Understanding Marxism 5

“As capitalist, he is only capital personified. His soul is the soul of capital. But capital has one single life impulse, the tendency to create value and surplus-value, to make its constant factor, the means of production, absorb the greatest possible amount of surplus-labour.” – Karl Marx

We turn next to the distribution of capitalist surpluses. That distribution illustrates how capitalism’s organization of the surplus deeply influences so many other aspects of societies where it exists (and especially where it prevails). Capitalists distribute significant portions of the surplus they appropriate to themselves for their consumption. They do so both for personal satisfaction and to underscore their differences (in homes, dress, transport, etc.) from the wageearners. The differences in consumption level – results of the inequality produced and sustained by capitalism – can then be transformed ideologically into signs of inherent attributes of individuals that make some surplus appropriators and others surplus producers. Just as earlier societies had made the inequalities resulting from slavery and feudalism matters caused rather by nature or God, in capitalism strong ideological tendencies make inherent individual variability (“human nature”) the cause. It too, like nature and God, cannot be changed by mere mortals. The passing social convention – made and changed by society – becomes instead moored and unmovable in cement. Those who rule societies need desperately to believe and have others believe their positions are permanent.

Just as importantly, capitalists distribute other portions of the surplus they appropriate to all sorts of managers and supervisors to perform tasks needed for the surplus to be produced. Those tasks are not themselves productive of surpluses, but they are crucial to the production of surplus by others. This distinction matters. The personnel manager in a modern capitalist corporation does not labor with machines to transform raw materials into commodities for sale. Such a manager controls and maneuvers productive laborers but is not one of them. The salary and equipment such a manager uses represent costs to the capitalist defrayed by distributions of the surplus. In capitalism, as Marx makes so clear, the capitalist has to distribute much of the surplus to others in order to keep on getting surplus. Without personnel managers, the surplus-producing workers might produce less surplus or none at all.

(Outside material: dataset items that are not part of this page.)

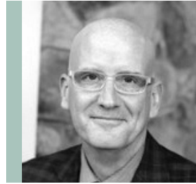
DANIEL T. WILLINGHAM

Paul Givan MLA was appointed Minister for the Department of Education in Northern Ireland in February 2024. Since taking office, he has prioritised transforming teaching and learning through an ambitious programme of reform, focusing on curriculum development, modernising assessment, reviewing qualifications, driving school improvement and tackling educational disadvantage. His leadership is centred on raising standards, widening opportunity, and ensuring every child and young person regardless of their background enjoys a truly world-class education.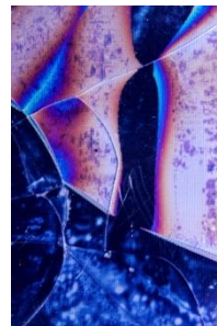
© Lisa Barnard, Broken mobile phone screen , Shenzhen, China, 2018.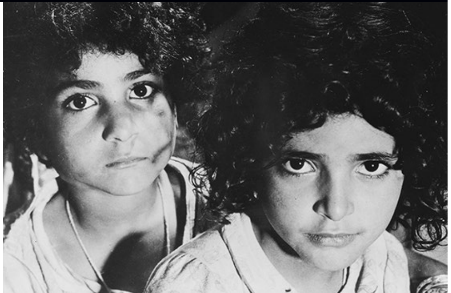
These Jewish girls of Moroccan origin lived in France's Los Arenas camp in 1946 while waiting to immigrate to Palestine.

Preserving Holocaust History through Artifacts, Archives, and Research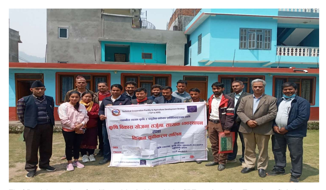
Fig.4 Participants from 6 palikas of Arghakhanchi for CBT conducted at Tamghas, Gulmi.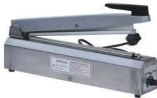
Stainless Steel Body SS-300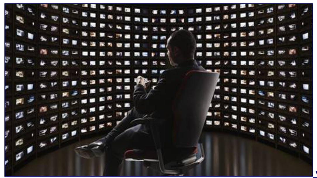
Welcome to 1984: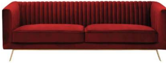
3 Seater Sofa Sap Code: 402-101-56 W 209 x D88 x H70 cm Fabric, Velvet D.Red, Leg, Golden 867 USD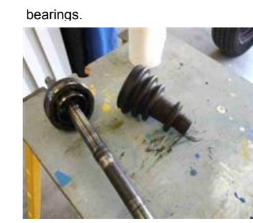
Slide off the old boot and clean up. Same as the slider end, inspect for damage. Don't remove all the old grease unless it is hardened or contaminated. Work some new moly grease into the balls and through out to make sure there is plenty in the outer bearing housing.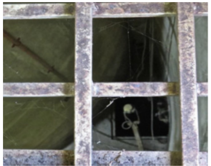
Fig. 4: Water pumping station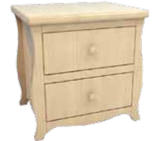
26" W x 20 7/12" D x 26"H Night Stand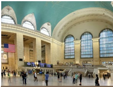
Walk to Grand Central Terminal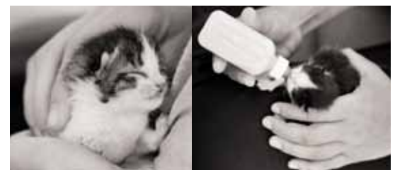
Kittens on July 24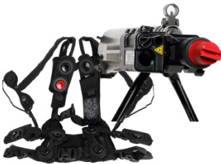
Shooting simulator for assault rifle 90, new technology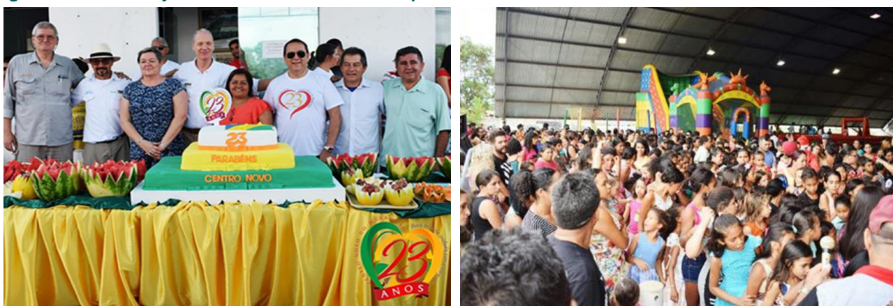
Figure 12: Community Events at Centro Novo and Cipoeiro

The Company also continued to build stronger relations with the local community, sponsoring a Children's Day event with the Centro Novo Education Department, participating in the 23 rd Anniversary of Centro Novo, in addition to sponsoring a health and well-being day with the local government and a children's Christmas party.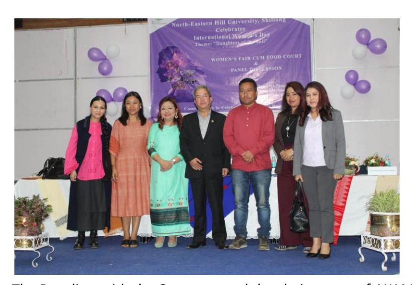
The Panelists with the Convenor and the chairperson of AKAM \,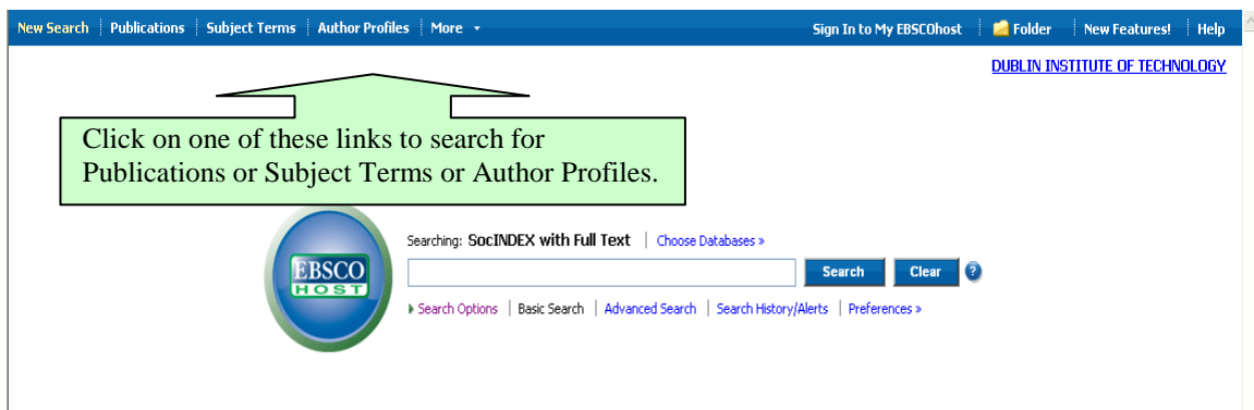
Fig. 1.7 How to search for Publications, Subject Terms and Author Profiles.

You can also obtain information relating to authors in the social sciences by clicking on the Author Profile link at the top of the page and either entering the name of the author in the search box or browsing through the alphabetical list of authors. This will enable you to discover biographical information relating to the author, his/her area of expertise and academic/professional focus.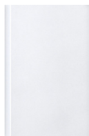
MOW: Matte Opaque White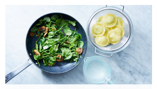
3. Cook ravioli

Rinse shrimp and pat very dry. Season with salt and pepper . Heat 2 teaspoons oil in a medium skillet over high. Add shrimp and cook until just curled and pink, 2-3 minutes. Transfer to plate with mushrooms .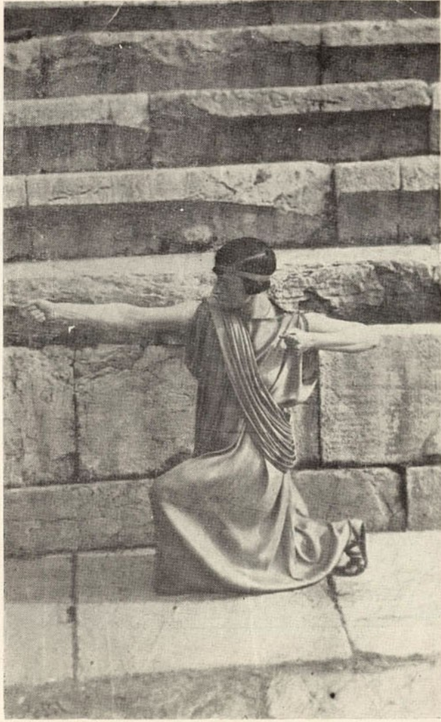
AN OCEANID ( PROMETHEUS BOUND )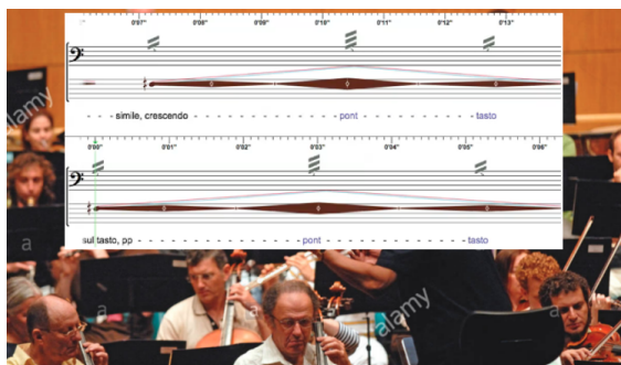
Figure 3. Score display from the performer's point of view.

According to the performers' feedback, head-mounted setups provide a large and comfortable display, since the environment is still visible around the score (see Figure 3), or through the score in the case of holographic display (such as the Aryzon headset for instance). The performers also showed interest in their ability to move freely on stage or elsewhere (the piece was choreographed differently according to the venue: in a church, the flute and clarinet started the piece behind the audience and gradually approached the altar), which relates to the term phygital (physical+digital) coined by Fabrizio Lamberti [27], who claims that with AR and VR, the possibilities of physicalization of gaming will soon encompass other fields.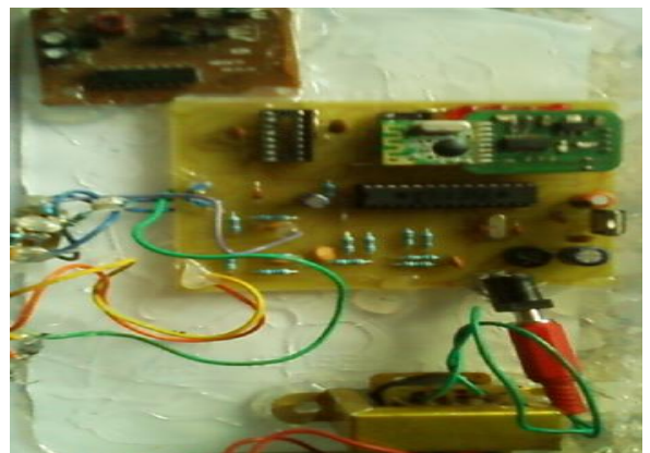
Fig. 5: Data Transmitter Module (Node 1)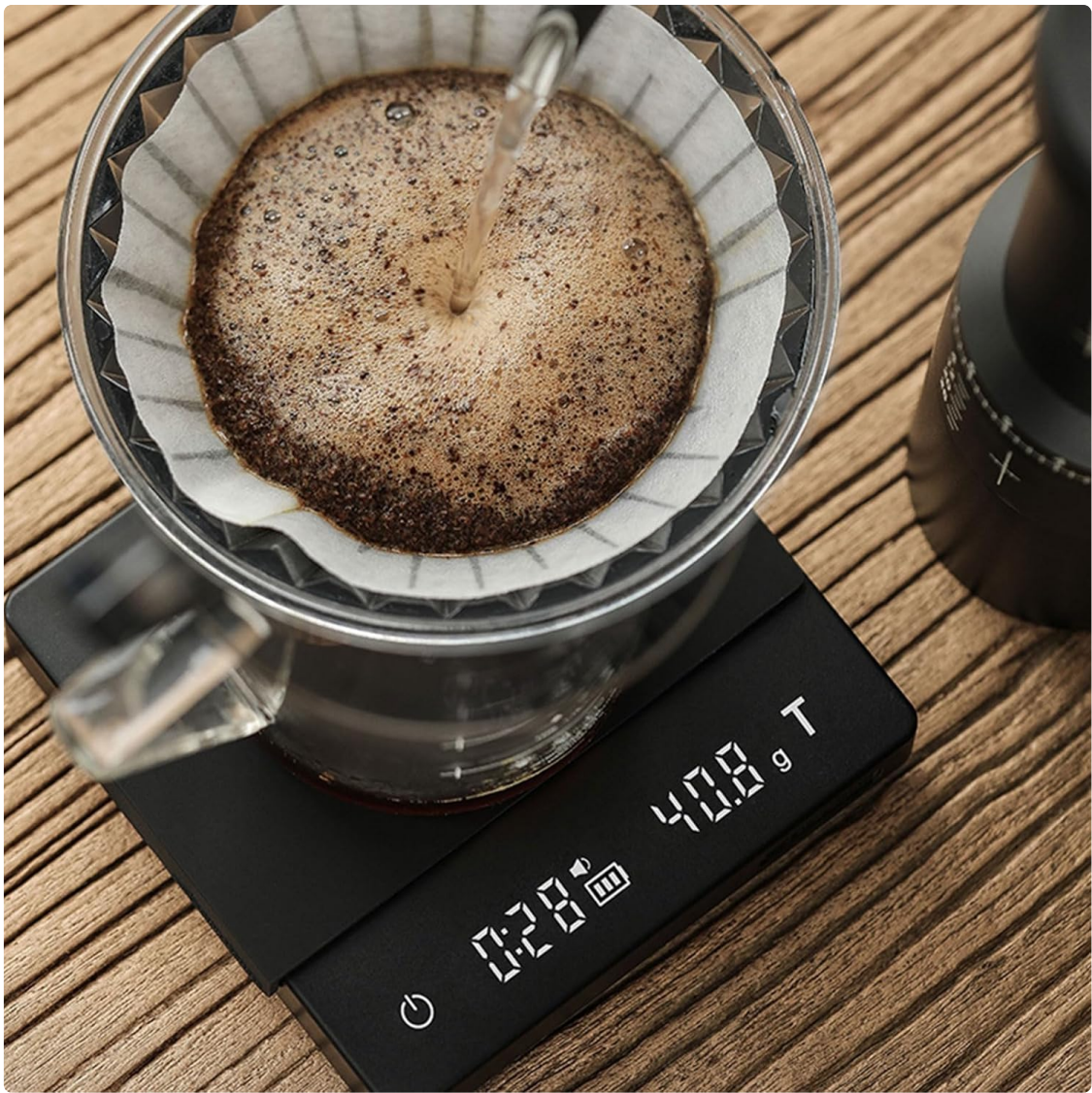
Image: Drip coffee brewing with the scale's intelligent mode.

The manager in this case is an unproductive laborer. His work provides a necessary condition of existence for surplus production by other, productive laborers. The latter are performers of surplus labor; the manager is an enabler of their productive labor. For capitalism to reproduce itself, it requires performers and enablers, productive and unproductive laborers, but that does not mean their differences do not matter. Quite the contrary: in every exploitative economic system, the two different kinds of laborers have played varying roles in supporting or overthrowing the system, in seeking political alliances with each other or alternatively with surplus appropriators. In slavery, for example, field and house slaves exhibited varying relationships. So too did serfs assigned to agriculture versus crafts. Capitalism has had its blue and white collar employees. To Marx’s credit, his surplus theory – and the class analysis built on it – grasped the deeper, systemic importance of these differences.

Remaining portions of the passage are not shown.